Problem statement:
Your reply must hold the lines from the one containing "This is a portrait" to the end of the entries, copied exactly, with pictures excluded.

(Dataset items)

━━━━━━━━━━━━━━━━

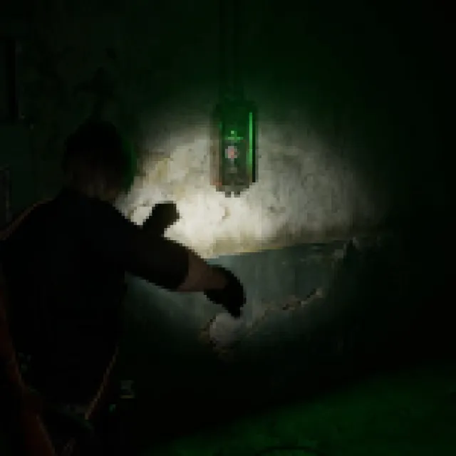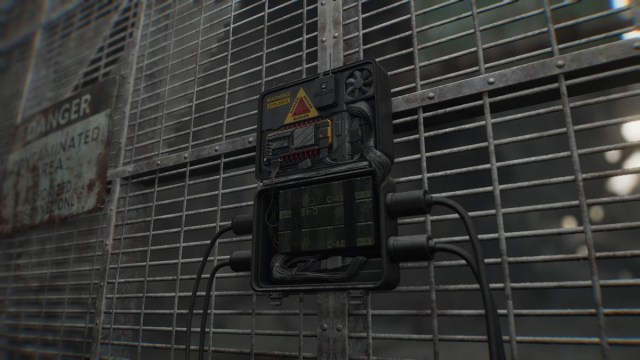 Go up the staircase and follow the path going to the door. Grab the battery from the fuse box. Open the locked door and go straight up the ladder. Go back to the underground parking garage gates with the zombie smashing through. Stealthily eliminate the zombie and place the Battery there. Turn left and take the ladder next to the gate.
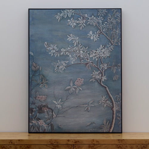 This is a portrait of nature in repose, an Impressionist whisper rather than a shout. Created on canvas with hand-applied texture, the work’s painterly depth is enhanced by its deep-profile black frame, offering a bold yet refined presentation. At 30″W x 40″H, it holds presence without overwhelming, inviting the viewer into its quiet, contemplative world.
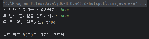 System.out.println("두 문자열이 같은가요? " + result);
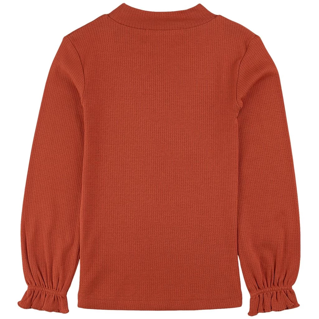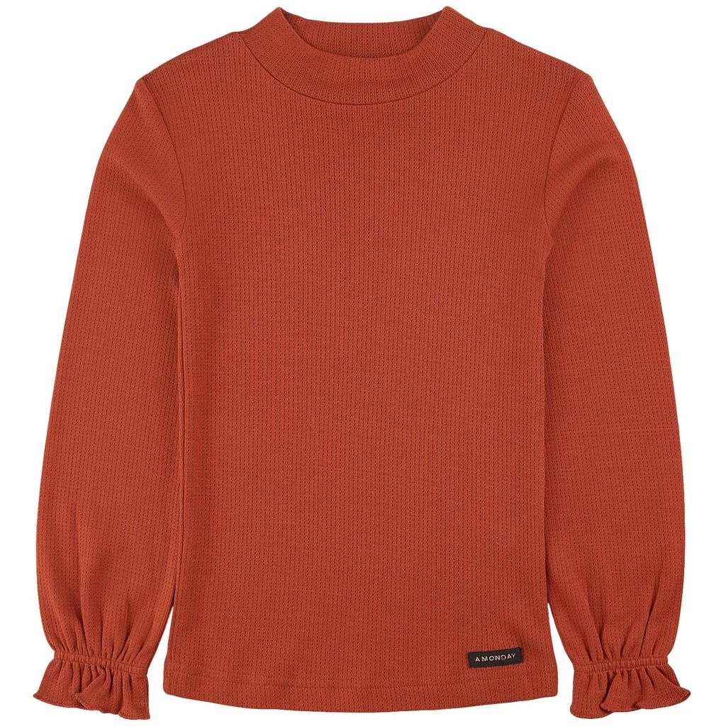 A simple yet stylish outfit. Orange Amelia T-Shirt by A Monday in Copenhagen. The T-Shirt has pointelle details all over. It has a high collar and elasticated ruffle sleeves.
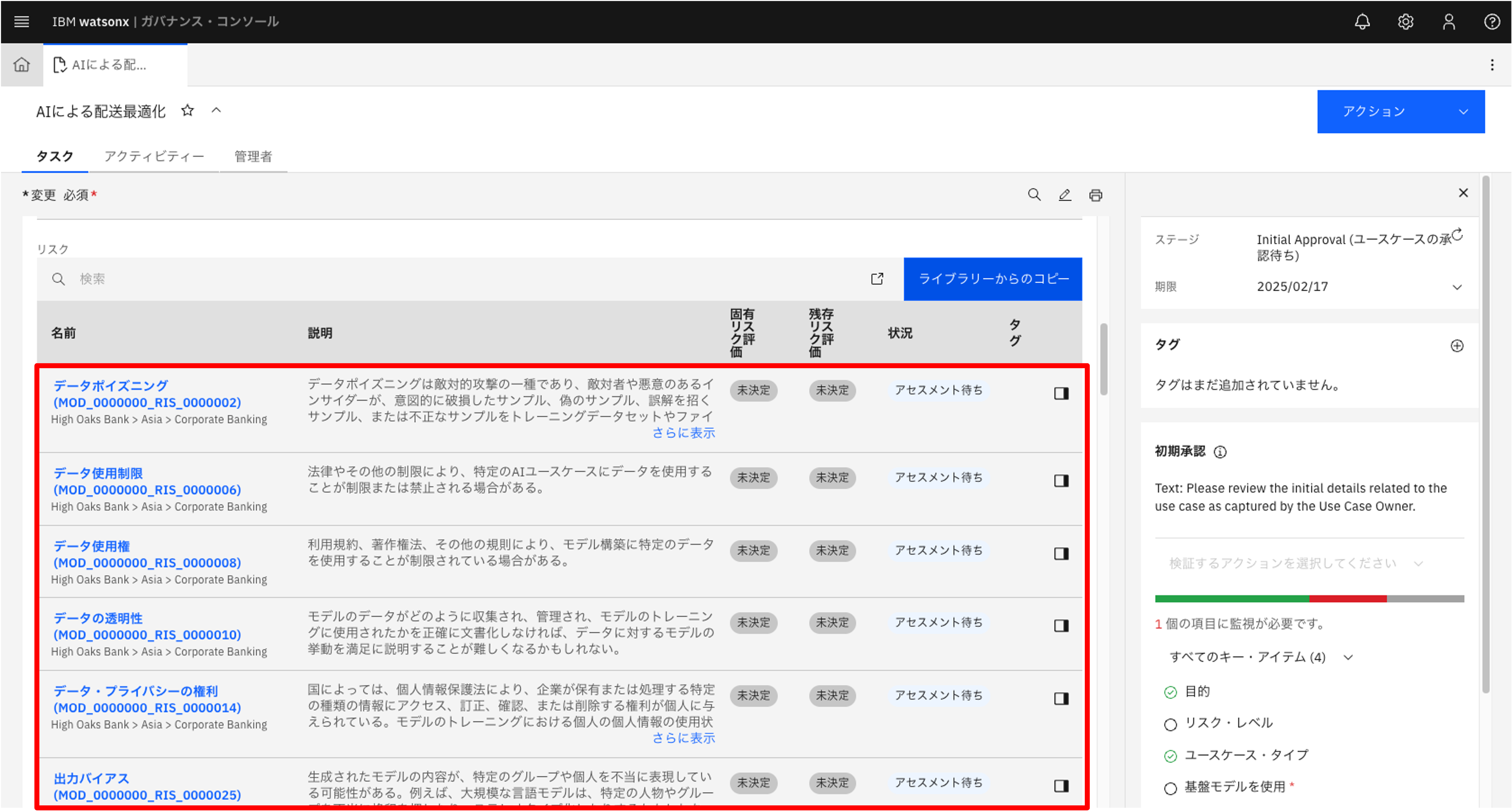 - ユースケース画面に戻ります。Risk Identificationアンケート回答内容に応じて、評価対象となるリスクが自動的に割り当てられていることが確認できます。

━━━━━━━━━━━━━━━━

Your solution:
 This is a portrait of nature in repose, an Impressionist whisper rather than a shout. Created on canvas with hand-applied texture, the work’s painterly depth is enhanced by its deep-profile black frame, offering a bold yet refined presentation. At 30″W x 40″H, it holds presence without overwhelming, inviting the viewer into its quiet, contemplative world.
 System.out.println("두 문자열이 같은가요? " + result);
 A simple yet stylish outfit. Orange Amelia T-Shirt by A Monday in Copenhagen. The T-Shirt has pointelle details all over. It has a high collar and elasticated ruffle sleeves.
 - ユースケース画面に戻ります。Risk Identificationアンケート回答内容に応じて、評価対象となるリスクが自動的に割り当てられていることが確認できます。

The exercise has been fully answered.